• Task item: Of the entries below, return exactly those lines that fall between the one containing "當(dāng)日,中鐵十一局" and the one containing "実際のレッスンでは、跳び続け", the two end lines included.

== Records to process ==

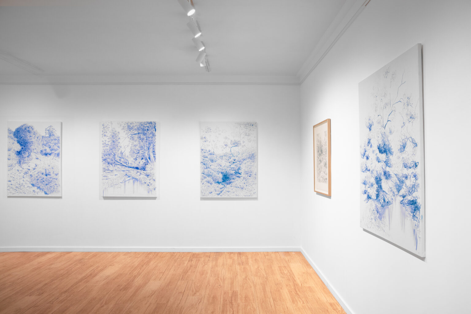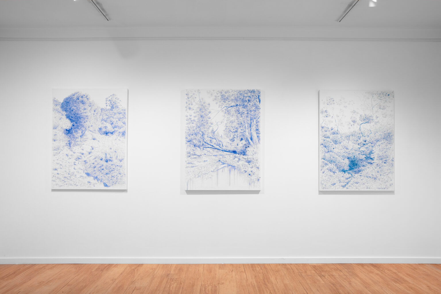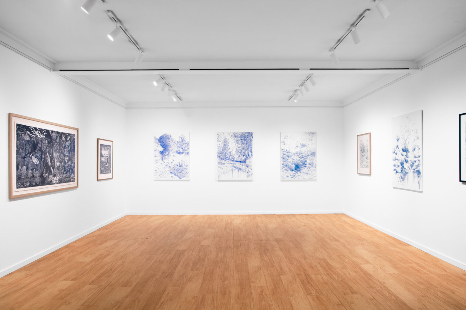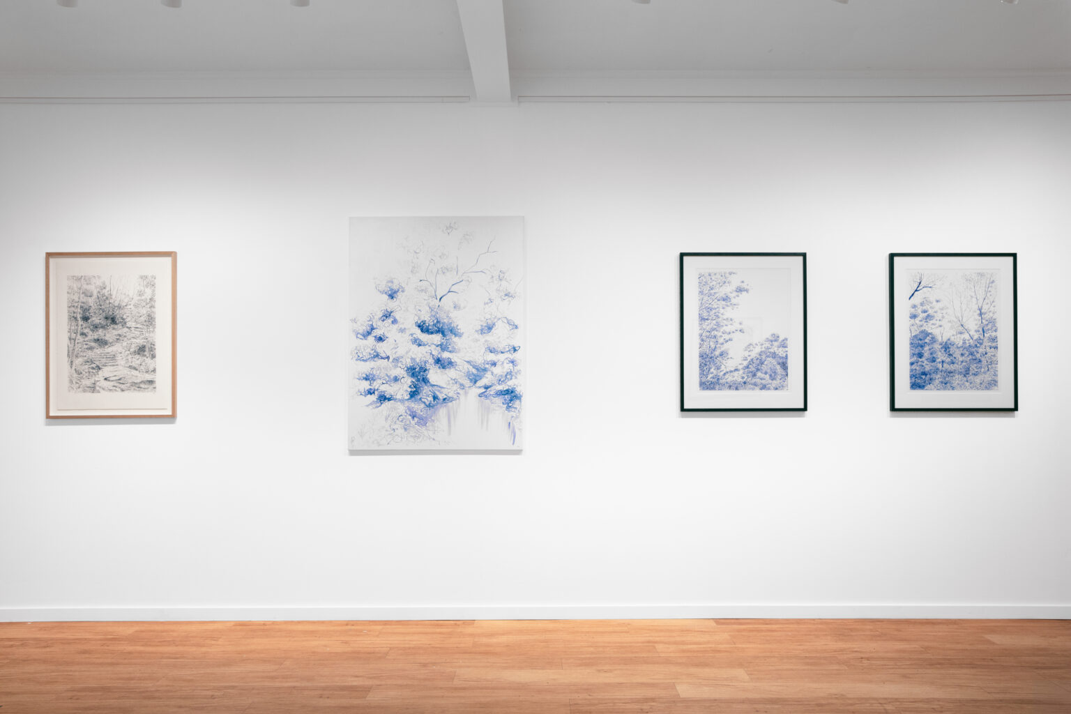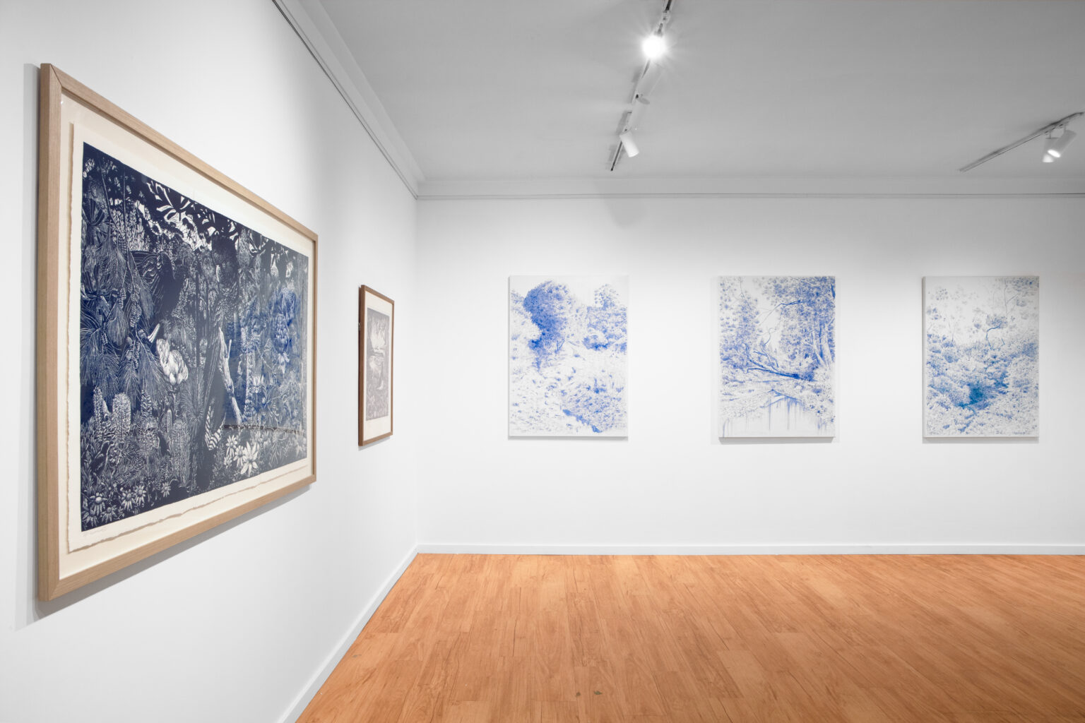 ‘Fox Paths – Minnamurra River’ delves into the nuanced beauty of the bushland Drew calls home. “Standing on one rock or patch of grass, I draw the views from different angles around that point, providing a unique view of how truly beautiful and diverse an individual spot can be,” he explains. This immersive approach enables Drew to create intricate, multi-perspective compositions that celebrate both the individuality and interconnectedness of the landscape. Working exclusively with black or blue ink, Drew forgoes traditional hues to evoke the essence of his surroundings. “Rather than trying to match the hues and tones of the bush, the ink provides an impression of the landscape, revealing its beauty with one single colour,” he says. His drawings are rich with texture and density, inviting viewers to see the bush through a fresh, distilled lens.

===
== Records to process ==

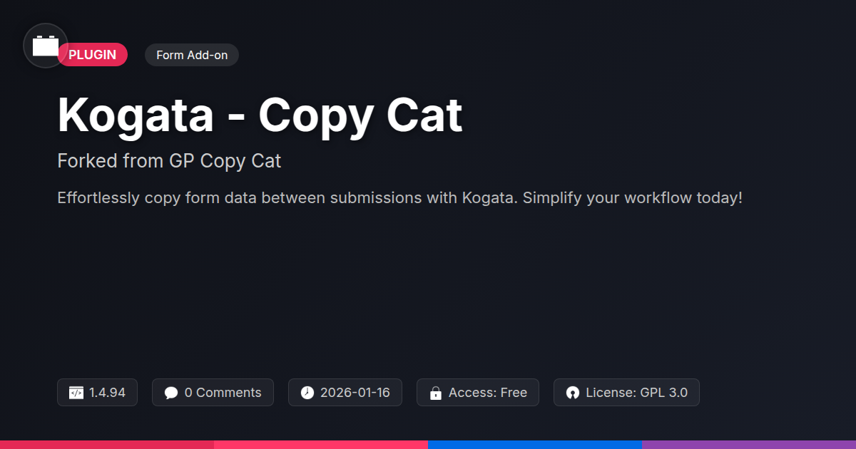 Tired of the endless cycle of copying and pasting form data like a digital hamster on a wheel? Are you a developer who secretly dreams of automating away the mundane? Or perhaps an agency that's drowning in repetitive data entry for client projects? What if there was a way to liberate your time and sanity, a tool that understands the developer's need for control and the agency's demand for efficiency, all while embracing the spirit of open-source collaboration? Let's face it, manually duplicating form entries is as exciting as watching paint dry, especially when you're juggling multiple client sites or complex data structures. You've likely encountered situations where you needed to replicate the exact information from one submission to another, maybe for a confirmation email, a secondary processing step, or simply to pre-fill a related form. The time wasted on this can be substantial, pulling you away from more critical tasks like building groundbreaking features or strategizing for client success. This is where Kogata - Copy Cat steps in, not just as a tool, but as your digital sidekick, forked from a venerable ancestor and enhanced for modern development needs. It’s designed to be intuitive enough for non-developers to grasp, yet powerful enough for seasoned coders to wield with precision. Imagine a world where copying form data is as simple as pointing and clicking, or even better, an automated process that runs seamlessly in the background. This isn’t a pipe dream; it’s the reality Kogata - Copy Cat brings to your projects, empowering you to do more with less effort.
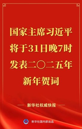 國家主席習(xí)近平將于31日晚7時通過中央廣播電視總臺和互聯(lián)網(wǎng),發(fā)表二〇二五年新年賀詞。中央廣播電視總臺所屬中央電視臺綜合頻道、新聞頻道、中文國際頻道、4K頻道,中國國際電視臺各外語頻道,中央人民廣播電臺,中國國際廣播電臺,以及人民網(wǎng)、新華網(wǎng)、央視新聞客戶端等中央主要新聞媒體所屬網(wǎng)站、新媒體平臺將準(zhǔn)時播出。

===
== Records to process ==

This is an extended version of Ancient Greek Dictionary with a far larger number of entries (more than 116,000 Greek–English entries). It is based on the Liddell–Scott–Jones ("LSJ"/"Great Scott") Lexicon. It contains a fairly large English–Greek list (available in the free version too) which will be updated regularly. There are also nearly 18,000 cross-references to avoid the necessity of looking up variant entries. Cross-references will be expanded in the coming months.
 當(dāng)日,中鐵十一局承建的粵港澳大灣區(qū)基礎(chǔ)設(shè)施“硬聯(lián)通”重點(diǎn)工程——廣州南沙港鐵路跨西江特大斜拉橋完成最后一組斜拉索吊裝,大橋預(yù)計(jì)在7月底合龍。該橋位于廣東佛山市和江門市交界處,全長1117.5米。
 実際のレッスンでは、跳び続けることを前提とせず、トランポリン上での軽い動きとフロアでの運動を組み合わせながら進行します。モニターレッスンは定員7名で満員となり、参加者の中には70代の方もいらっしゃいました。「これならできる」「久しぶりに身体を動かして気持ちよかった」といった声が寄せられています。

===

• Written solution:
 當(dāng)日,中鐵十一局承建的粵港澳大灣區(qū)基礎(chǔ)設(shè)施“硬聯(lián)通”重點(diǎn)工程——廣州南沙港鐵路跨西江特大斜拉橋完成最后一組斜拉索吊裝,大橋預(yù)計(jì)在7月底合龍。該橋位于廣東佛山市和江門市交界處,全長1117.5米。
 実際のレッスンでは、跳び続けることを前提とせず、トランポリン上での軽い動きとフロアでの運動を組み合わせながら進行します。モニターレッスンは定員7名で満員となり、参加者の中には70代の方もいらっしゃいました。「これならできる」「久しぶりに身体を動かして気持ちよかった」といった声が寄せられています。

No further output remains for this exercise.